The property has a build period of 18 months to two years, followed by a 15-year initial term lease. During the build period, a guaranteed 5.50% gross return is paid on equity until the rent starts after completion. Mackersy Property guarantees any interest rate increase during construction, so there is no risk to investors during this period. The 15-year lease commences with 2.00% fixed annual rent increases, commencing in Year four following completion. The build price and land has a maximum price of $75 million with Progressive’s agreeing to either top up any overrun in costs or increase rent.
With uncertainty in today’s environment the proposed purchase yield may appear too low, particularly with interest rates on the move. Of course, a better yield would be desirable but that is not something that is available in the short term. In the current market, supermarket-type leases now have an initial 10-year term with many 5-year rights of renewal and in most cases have no rental growth apart from increases related to turnover.
Mackersy Property’s experience of this formula is that turnover rent increases take between 10 to 15 years to achieve.
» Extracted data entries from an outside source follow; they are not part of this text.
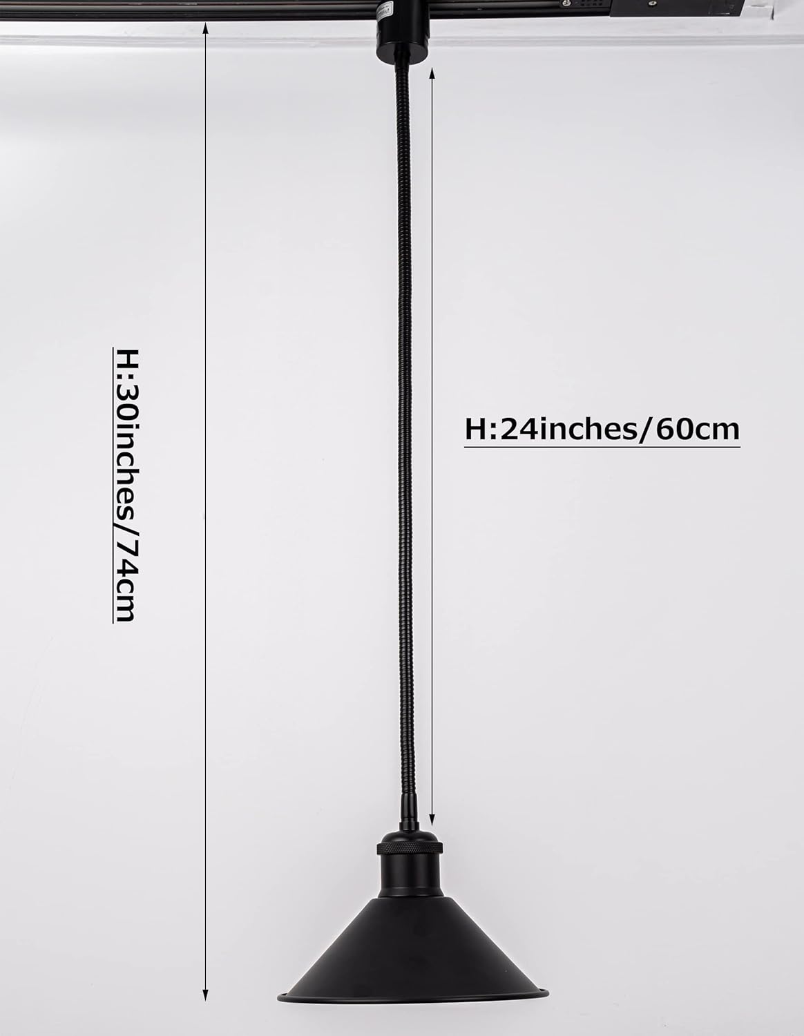 Specifications: Lampshade size: diameter: 7.08in/18cm、Height: 2.6in/6.5cm The total length from the track connector to the bottom of the lampshade is 30inches/74cm Track connector type: J-type 2-wire-1 track light Bulb Type: E26, 60W MAX . Bulbs Not Included You can install the type of bulb you like according to the needs of the ambient atmosphere. Package: 3 * Juno Track Spotlights Style: Simple Style/European Style/Vintage/Loft/Minimalist/Steampunk Applicable Space: 5-10 Square Application: Children room,Study Room, Bedroom, Living room, Dining-Room, Sitting Room, Bar, Hallway, Cafe, Shop, Balcony, etc. Features: 1.Dimmable You can control the light with your wall switch or dimmer(dimmerable bulb). Search the ASIN: B01DBRKSXW,you will find the bulbs. 2.Flexible Adjustable Lamp Sockets: Adjust the swanneck to the desired position by using any bending class. 3.Unique This is a beautiful iron spot lamp, black finished, which is modern and vintage. The color of the lamp socket is optional.(9 colors) 4.Customizable Whether you are installing an Halo Type,Juno Type or L-Type track, you can find the track adapter you want here because we provide customized services for the track adapter. Now, it is time to have your pendant Light to spice up your spaces,the warm desided pendant light will adding warm and has a relaxed feel feeling to you. Kindly Notice Any cooperation or bulk order are welcomed. Let's know your ideas.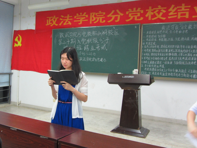 2015年6月7日晚上7点45分,松山湖校区经管楼216举行了以检验院党课培训成果为目的的入党积极分子结业考试。本次松山湖校区结业考试应到27人,实到24人。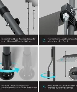 Das hochwertige Material des Schattenspenders wirft einen kühlen Schatten, welcher für eine angenehme Temperatur und sanftes Licht sorgt. Zudem ist das Material des Rahmens aus einem sehr stabilen Stahl und verleiht der Markise eine hohe Nutzungsdauer.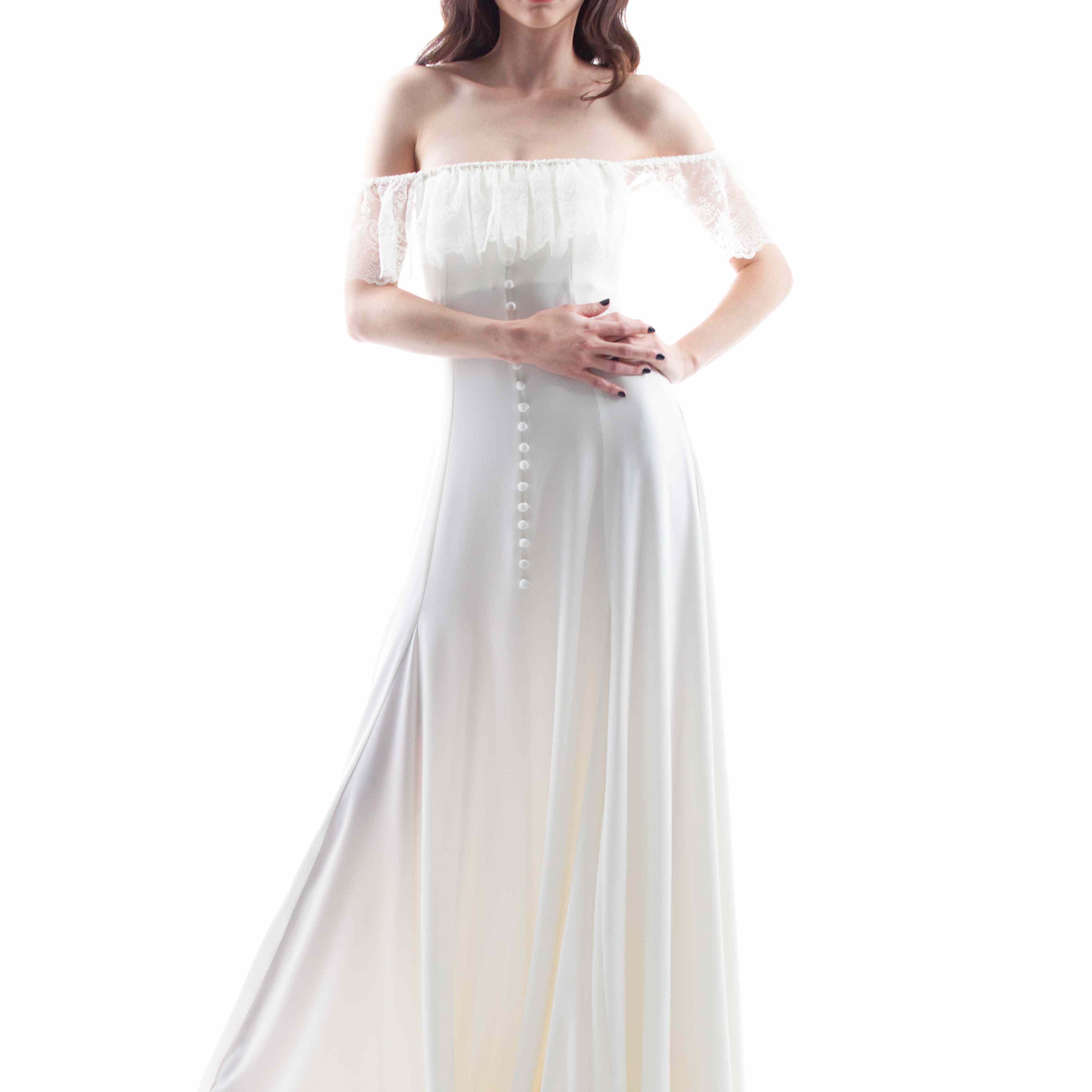“桑迪”露肩礼服,弹力丝乔其纱与尚蒂伊蕾丝褶边,覆盖钮扣和与斜纹的长裙霍顿。
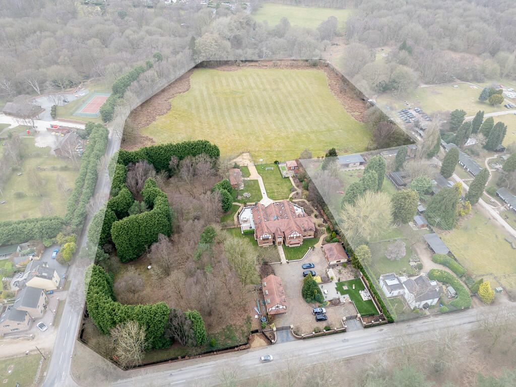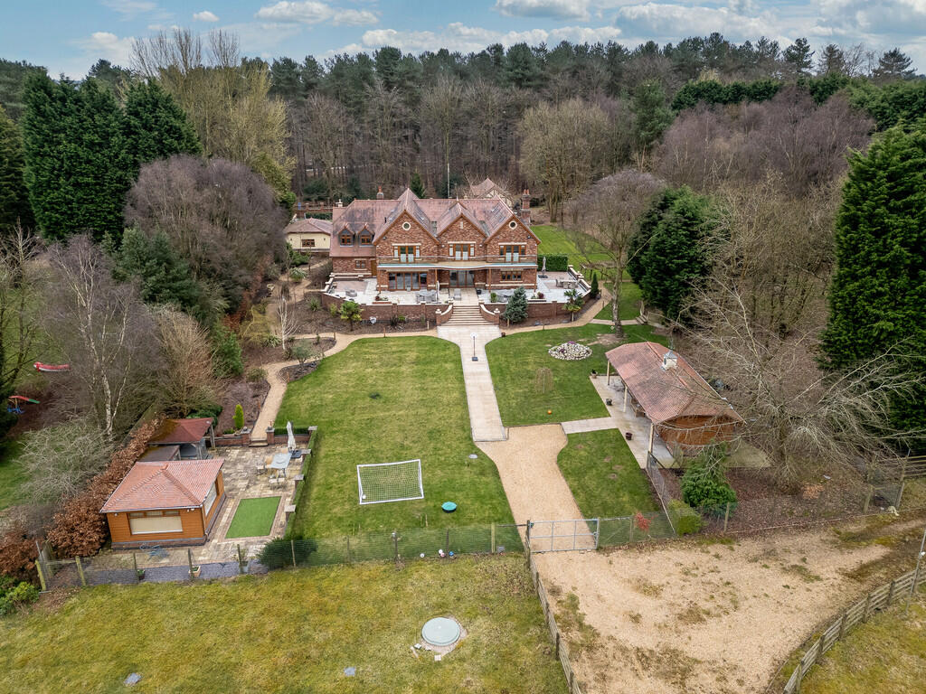 The property boasts a significant plot size, as evidenced by the aerial images. The extensive gardens and grounds contribute to a high land score. The presence of mature trees and landscaping suggests a well-established and private setting.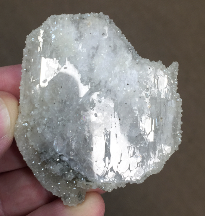 Barytine tabulaire très légèrement bleutée partiellement incrustée de Calcite. Spécimen détaché. [50mm]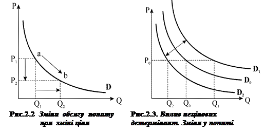Попит – це множина співвідношень цін і відповідних кількостей товару. Попит, як взаємозв’язок ціни і кількості, можна зобразити графічно у вигляді кривої попиту (рис.2.1). Конкретну кількість товару, яку покупці бажають і можуть придбати за кожного рівня ціни, називають обсягом попиту. Його можна визначити за графіком як параметр точки на кривій попиту: наприклад, обсяг попиту на яблука за ціною 4 гривні за кг становить 20 кг на день. Закон попиту твердить, що між ціною і обсягом попиту існує обернений зв’язок: обсяг попиту скорочується зі зростанням ціни і зростає зі зниженням ціни. Математичним виразом закону попиту є функція попиту: QD=f(P), де QD – обсяг попиту на товар, D – попит, P – ціна товару. Лінійна функція попиту описується рівнянням: QD=a–b·P. Ціна є основною детермінантою попиту, зміна якої спричиняє зміни в обсязі попиту, що графічно відповідає руху між точками на даній кривій попиту (рис. 2.2). Нецінові детермінанти попиту спричиняють зміни у попиті, що графічно відповідає зміщенню всієї кривої попиту: праворуч-вгору, якщо попит зростає, і ліворуч-вниз, якщо попит скорочується (рис. 2.3). Нецінові детермінанти являють собою основні мотиви споживчого попиту. До нецінових детермінант попиту відносяться: смаки і уподобання споживачів; доходи споживачів; ціни сполучених товарів; кількість споживачів на ринку; очікування споживачів відносно майбутніх цін.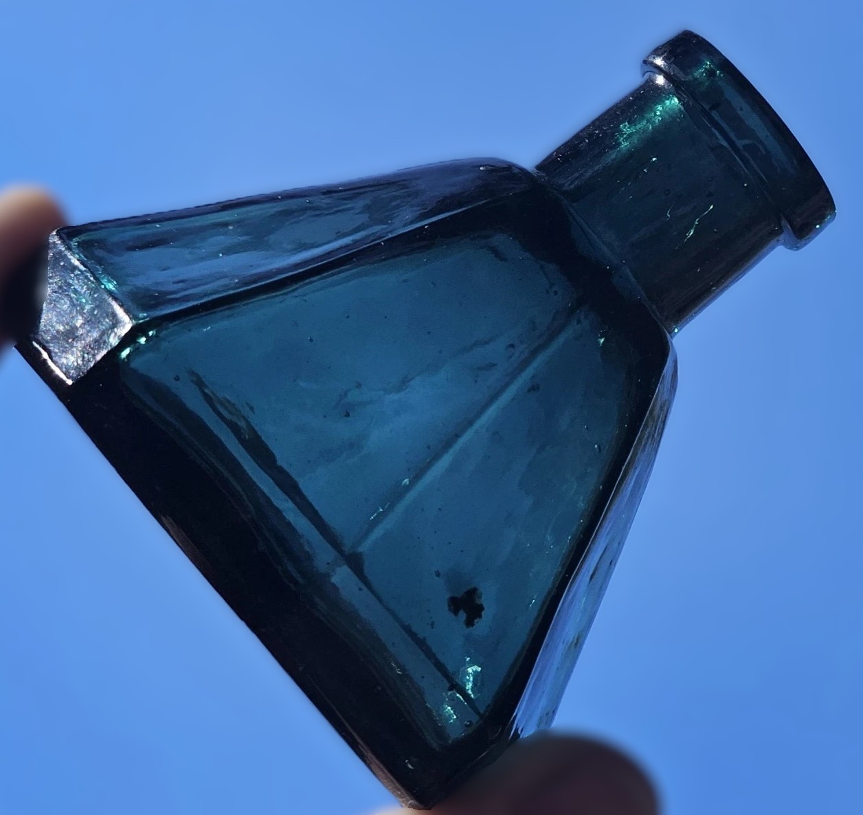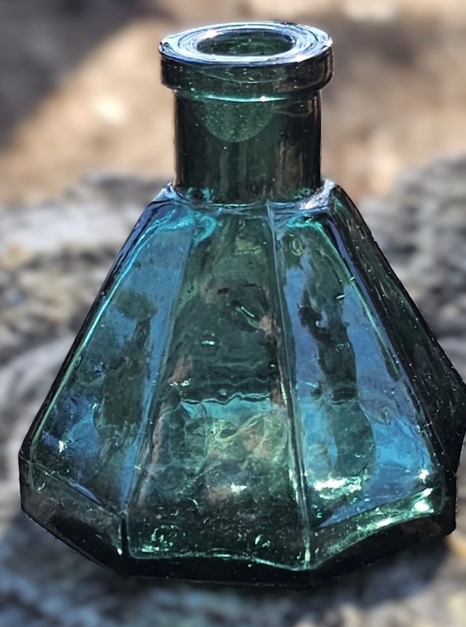 This is a nice example of a 19th-century “umbrella” ink bottle, so named for its multi-sided, conical shape that resembles an open umbrella. These were utilitarian items, but the vibrant color and primitive manufacturing details make them of interest today.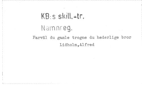 //// KB: s //// Namnreg. //// Farväl du gamle trogne du hederlige bror Lidholm,Alfred ////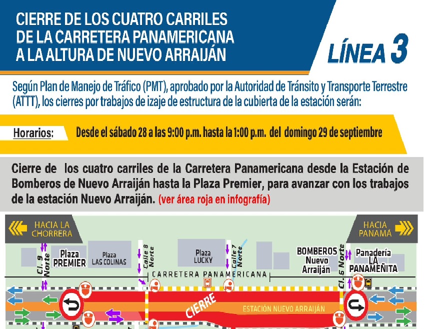 El Metro de Panamá informó sobre un nuevo cierre de los cuatro carriles de la vía Panamericana para avanzar con los trabajos de izaje de estructura de la cubierta, en el distrito de Arraiján, provincia de Panamá Oeste.

Also, in most cases, any ‘online’ sales are not counted towards the formula, so in my view, supermarkets provide a lower return – safe but without much ability to see rental growth. In New Zealand, the Foodstuffs brands, particularly the New World and Pak’n’Save facilities, are predominantly owned by Foodstuffs themselves which leaves only the Progressive brands available to commercial investors. This makes a facility like a South Island distribution centre for the Progressive group a particularly favourable investment with long term rental growth built into the lease. Consequently, in the short term, it may not appear particularly attractive due to the current inflationary pressures, but over time the rental growth should make this a strong long term strategic investment.
Naturally, as the population increases there will be more supermarkets. We are already seeing new players such as Costco and Aldi moving to enter the New Zealand market. As such we may see more supermarkets, and more players, but not so many distribution centres available to investors.
Good long-term investments with solid tenant covenants and built-in growth are hard to find. These investments, which in our view are at the quality end of the market, will always be a solid rather than spectacular return. Furthermore, food supply and sales are at a pretty secure point in the investment market.
My final comment is based on observation of what is happening in our nearest market – Australia. Interest rates have not moved there as much as in New Zealand and yields are still low with good investment interest both from Australian and overseas buyers.